1999 - Marburg disease in Democratic Republic of Congo - Update 2
06 May 1999
Disease Outbreak Reported
Today WHO received a report from the WHO collaborating centre at the National Institute for Virology, in South Africa that a blood sample collected from the district medical officer who became ill in Watsa zone, in the northeastern part of the Democratic Republic of Congo (DRC) and died on 23 April 1999 with symptoms of haemorrhagic fever, is positive for Marburg virus. Samples from four other suspected cases were negative. Investigations will be initiated to establish whether Marburg fever was responsible for an estimated 76 cases of hemorrhagic fever (52 deaths) that have been reported in Watsa and a nearby community of Durba. Most of the cases were gold miners working in mines near Durba. Epidemiological experts from WHO Headquarters, the WHO Regional Office for Africa and WHO country offices in Kinshasa, DRC and Kampala, Uganda are joining the Médecins sans frontières (MSF Belgium and MSF Netherlands) team already in the area. Experts from the US Centers for Disease Control and Prevention and from the Institut Pasteur are also expected to arrive in the DRC within several days to join the investigation to determine the current size of the outbreak and further investigate the aetiology of the epidemic. The team will also provide technical assistance to further implement control measures. MSF is establishing a ward to isolate patients and training local healthcare staff to use barrier nursing procedures and protective equipment.
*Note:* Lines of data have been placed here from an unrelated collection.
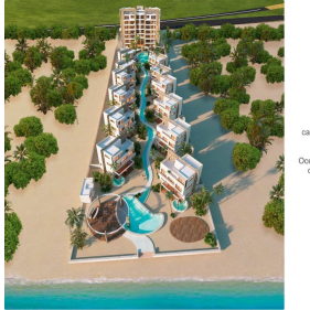
Desarrollo de casas y departamentos frente al mar Ocean front development of condos & houses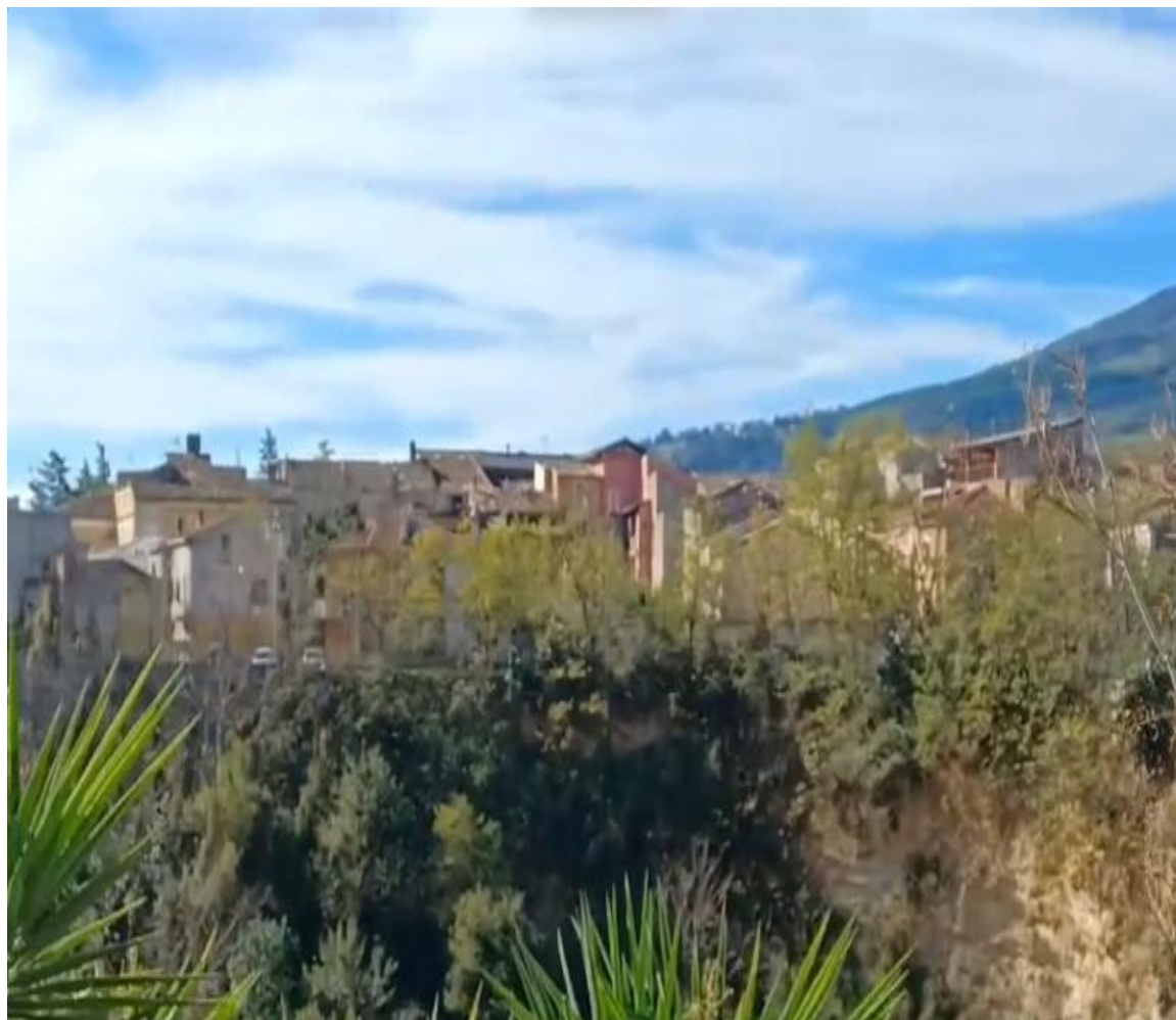
Figure 3 PUNTO CRITICO 1 AL 19.07.2023

INDIFFERIBILE MESSA IN CAMPO DI MISURE DI MITIGAZIONE DEL RISCHIO DI DISSESTO DEL VERSANTE DEL CANAL GRECO CHE INTERESSA LA VIA MAZZINI NELL'ABITATO DI CASTROVILLARI, PER CHIARA EVOLUZIONE IN ATTO DEL QUADRO DI DISSESTO IDROGEOLOGICO COSTITUENTE POTENZIALE PERICOLO PER LA INCOLUMITA' PUBBLICA.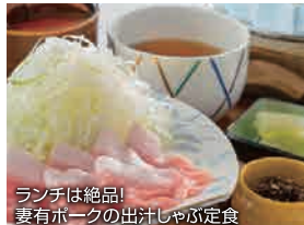
ランチは絶品! 妻有ポークの出汁じゃぶ定食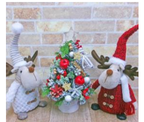
「Editorial」シャトー広場商品販売例

Marburg virus infections, a lethal relative of Ebola (both viruses are in the Filovirus family), are found in sub-Saharan Africa and occur infrequently. Since the virus was first recognized in 1967 when laboratory workers in Marburg, Germany and Belgrade, Yugoslavia were infected by handling monkeys and monkey tissues from animals imported from Uganda, there have only been three reports of sporadic cases (1975 in Zimbabwe and South Africa, and in 1980 and 1987 in Kenya). The virus is transmitted to people following contact with infected animals and animal tissues, and from person-to-person by close contact with infected patients and body fluids. The natural reservoirs of Marburg virus and of Ebola virus are unknown.
Both the Marburg and Ebola viruses are often characterized by the sudden onset of fever, malaise, muscle pain, headache and conjunctivitis. This is followed by sore throat, vomiting, diarrhoea, rash, and both internal and external bleeding. Liver function may be abnormal and platelet function may be impaired. No specific treatment or vaccine exists for Marburg disease. Severe cases require intensive supportive care, as patients are frequently dehydrated and in need of intravenous fluids. Experimental studies involving the use of hyperimmune sera on animals demonstrated no long-term protection against the disease after interruption of therapy.
Suspected cases should be isolated from other patients and strict barrier nursing techniques practised. All hospital personnel should be briefed on the nature of the disease and its routes of transmission. Particular emphasis should be placed on ensuring that high-risk procedures such as the placing of intravenous lines and the handling of blood, secretions, catheters and suction devices are done under barrier nursing conditions. Hospital staff should have individual gowns, gloves and masks. Gloves and masks must not be reused unless disinfected. Patients who die from the disease should be promptly buried or cremated.